» **EXERCISE INPUTS**
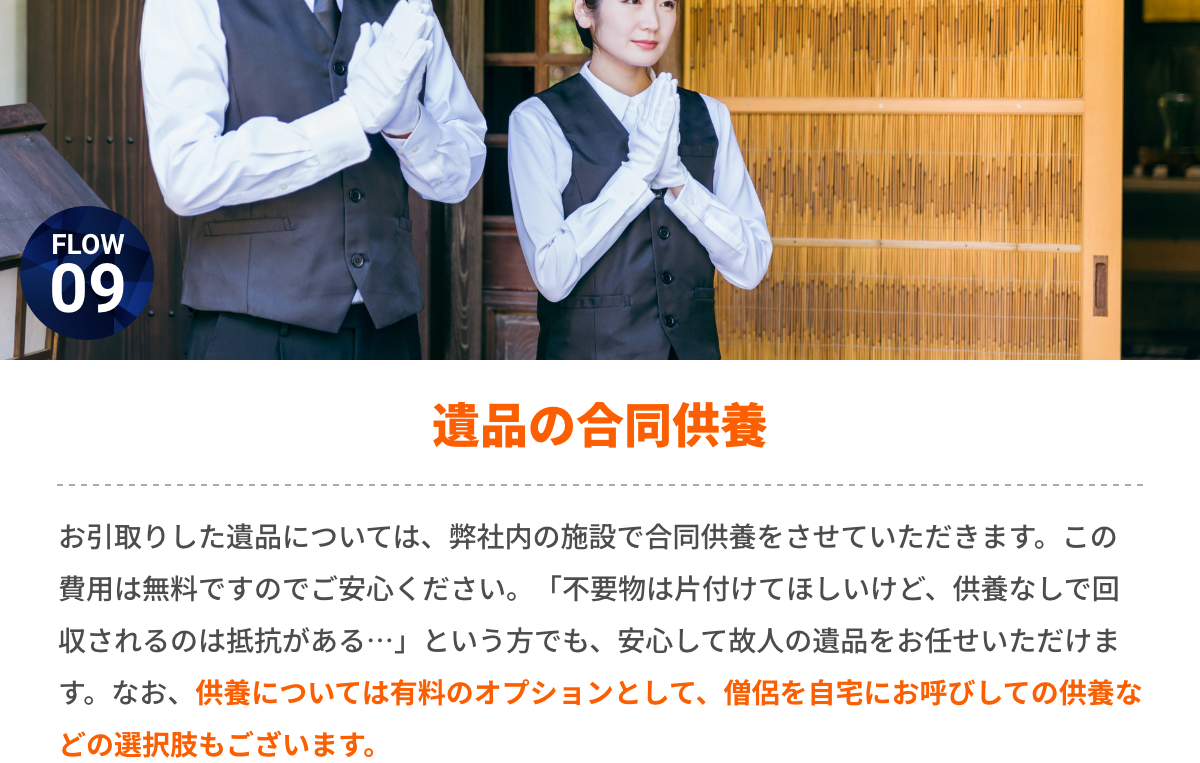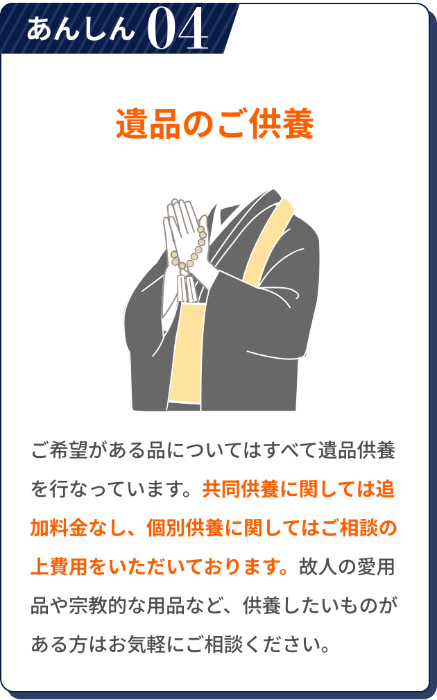 弊社内の施設での合同供養は無料となります。追加料金にはなりますが、僧侶を自宅にお呼びしての供養も可能です。
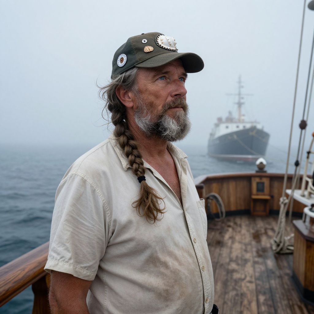 A seasoned coastguard veteran with rugged features and a sun-kissed complexion stands on an old wooden ship's deck. His piercing blue eyes gaze wistfully out to sea in a double exposure portrait, his braided salt-and-pepper beard and seashell-adorned hat reflecting countless voyages. As dense fog rolls in from the horizon, enveloping man and vessel alike, its ethereal embrace captures the transient nature of life at sea. This captivating image showcases the powerful interplay between human resilience and the vast unpredictability of nature, evoking a sense of longing for both adventure and home.
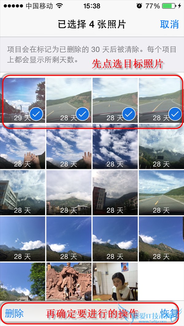步骤3:如果只是希望彻底删除某几张、或是要恢复某几张照片,在选择状态下分别点击要删除或恢复的照片,再点界面最下方的相应选项即可。
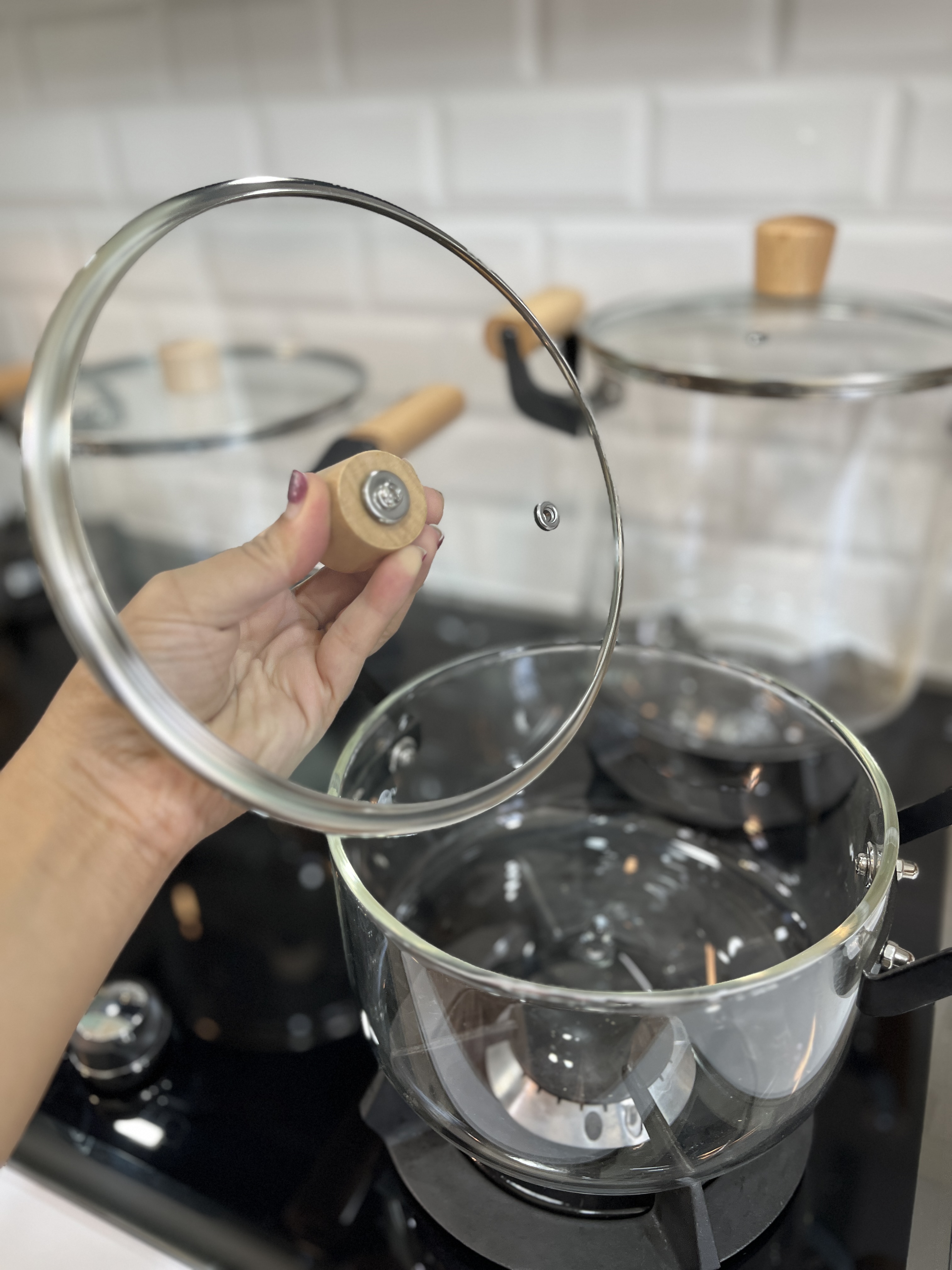 قابلمه های پیرکس دسته فلز کاملا شعله مستقیم وشیشه ضخیم
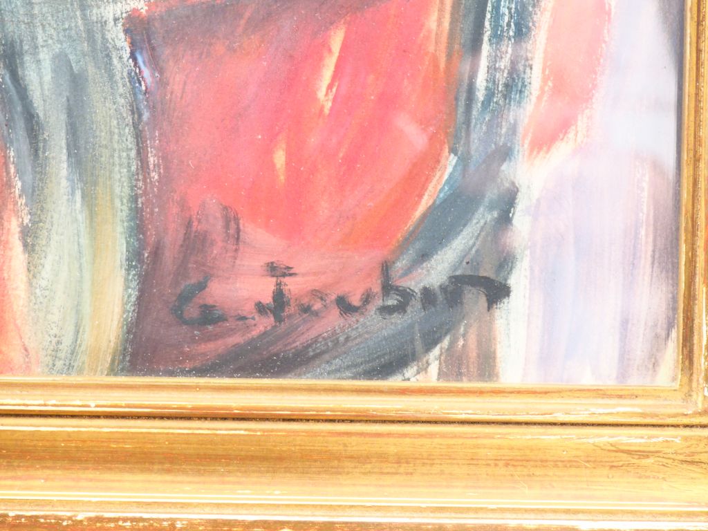 G. JOUBIN. "Femme assise, combinaison, jupe rouge" Huile sur papier, signée en bas à droite. Dim. 64 x 49 cm
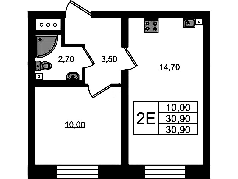 - Площадь30,9 м2
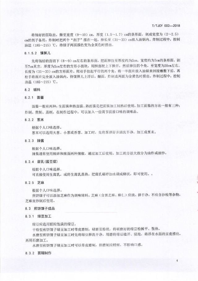 这份标准规定了天津煎饼馃子的术语与定义、原、辅料要求、制作场所及设备要求、加工过程卫生及人员要求、制作工艺要求、标识、包装、运输与贮存等内容。
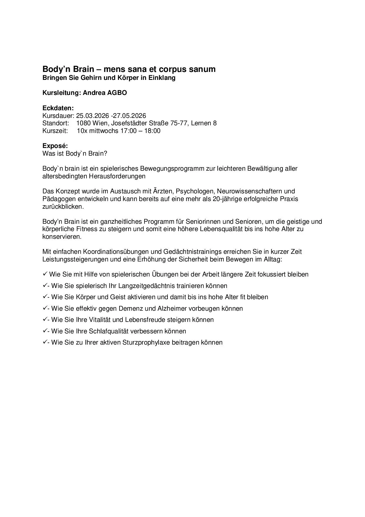 Body'n brain - mens sana et corpus sanum Mi. 25.03.2026 - 27.05.2026 / 17:00h-18:00h / € 165,- bzw. 3x € 57,-
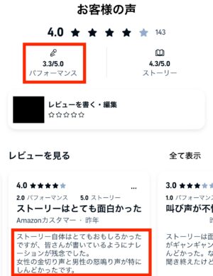 ナレーションに違和感がある作品は、レビューに書かれていることが多いです。
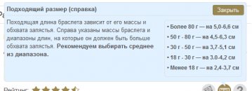 Відповідна довжина браслета залежить від його маси і обхвату зап'ястя. Справа вказані маси браслета і діапазони довжин, на які він повинен бути більше обхвату зап'ястя.																							- Більше 80 г - на 5,0-6,6 см
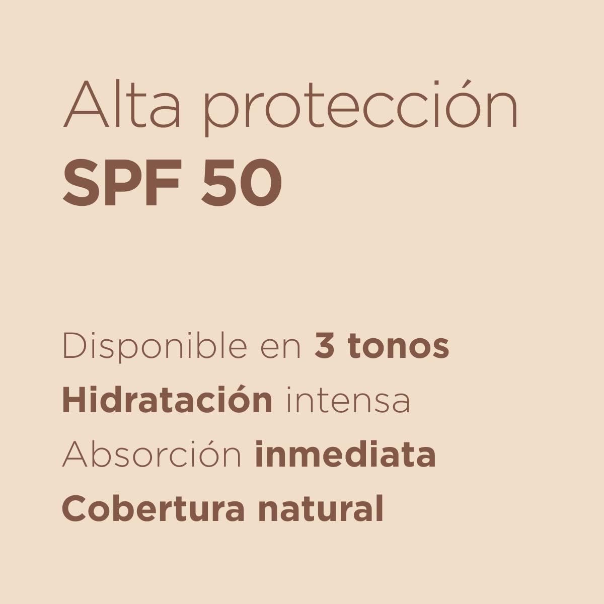 Natural coverage. Very high protection with SPF50, UVA and UVB
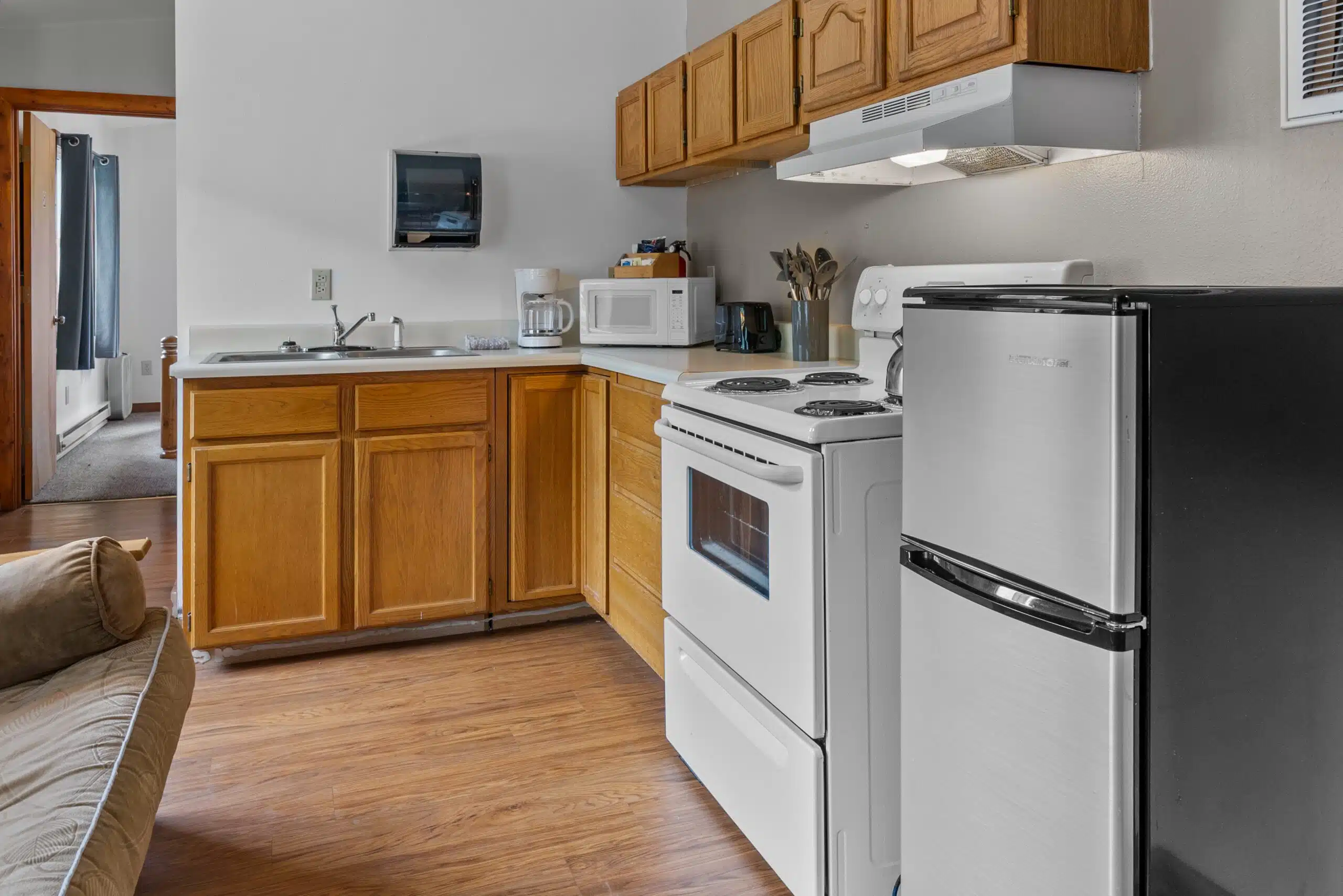The Eagle’s Nest is an efficient apartment located above our main office. There is a private bedroom with 1 queen bed. A door separates this room from the rest of the apartment, which has a full bathroom plus combined kitchen area/living room with a set of bunked beds and a futon that can fold out to a full sized bed. The kitchen has a small fridge, stove, oven, sink, microwave and coffee maker. You will be able to hear some noise from below throughout the day and in the evening from our employees at dinner time.
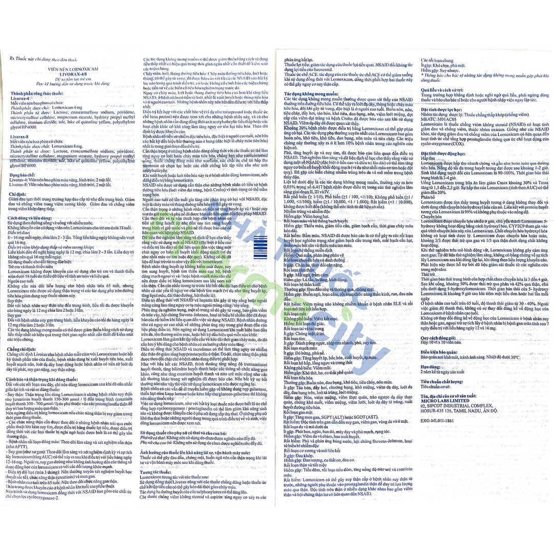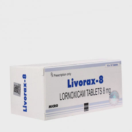 Livorax 8 được sản xuất bởiMicro Labs Limited(Ấn độ) có thành phần chính là Lornoxicam dùng trong các trường hợp giảm đau tạm thời mức độ nhẹ đến trung bình.
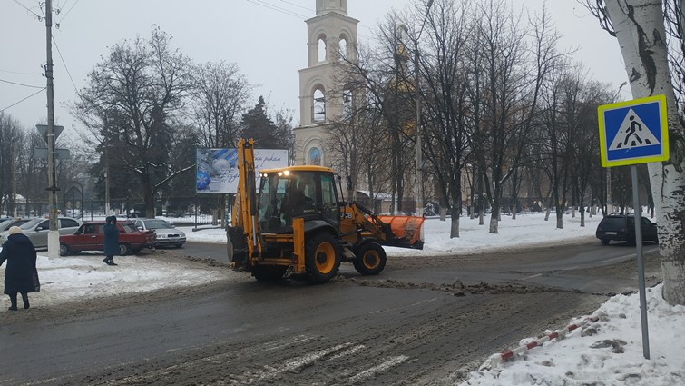 Техника убирала снег на дорогах, а люди с лопатами чистили центральную площадь.

» **WHAT IS BEING ASKED**
Retype the data above exactly, dropping every picture.

» **ANSWER TO THIS PROBLEM**
 弊社内の施設での合同供養は無料となります。追加料金にはなりますが、僧侶を自宅にお呼びしての供養も可能です。
 A seasoned coastguard veteran with rugged features and a sun-kissed complexion stands on an old wooden ship's deck. His piercing blue eyes gaze wistfully out to sea in a double exposure portrait, his braided salt-and-pepper beard and seashell-adorned hat reflecting countless voyages. As dense fog rolls in from the horizon, enveloping man and vessel alike, its ethereal embrace captures the transient nature of life at sea. This captivating image showcases the powerful interplay between human resilience and the vast unpredictability of nature, evoking a sense of longing for both adventure and home.
步骤3:如果只是希望彻底删除某几张、或是要恢复某几张照片,在选择状态下分别点击要删除或恢复的照片,再点界面最下方的相应选项即可。
 قابلمه های پیرکس دسته فلز کاملا شعله مستقیم وشیشه ضخیم
 G. JOUBIN. "Femme assise, combinaison, jupe rouge" Huile sur papier, signée en bas à droite. Dim. 64 x 49 cm
 - Площадь30,9 м2
 这份标准规定了天津煎饼馃子的术语与定义、原、辅料要求、制作场所及设备要求、加工过程卫生及人员要求、制作工艺要求、标识、包装、运输与贮存等内容。
 Body'n brain - mens sana et corpus sanum Mi. 25.03.2026 - 27.05.2026 / 17:00h-18:00h / € 165,- bzw. 3x € 57,-
 ナレーションに違和感がある作品は、レビューに書かれていることが多いです。
 Відповідна довжина браслета залежить від його маси і обхвату зап'ястя. Справа вказані маси браслета і діапазони довжин, на які він повинен бути більше обхвату зап'ястя.																							- Більше 80 г - на 5,0-6,6 см
 Natural coverage. Very high protection with SPF50, UVA and UVB
The Eagle’s Nest is an efficient apartment located above our main office. There is a private bedroom with 1 queen bed. A door separates this room from the rest of the apartment, which has a full bathroom plus combined kitchen area/living room with a set of bunked beds and a futon that can fold out to a full sized bed. The kitchen has a small fridge, stove, oven, sink, microwave and coffee maker. You will be able to hear some noise from below throughout the day and in the evening from our employees at dinner time.
 Livorax 8 được sản xuất bởiMicro Labs Limited(Ấn độ) có thành phần chính là Lornoxicam dùng trong các trường hợp giảm đau tạm thời mức độ nhẹ đến trung bình.
 Техника убирала снег на дорогах, а люди с лопатами чистили центральную площадь.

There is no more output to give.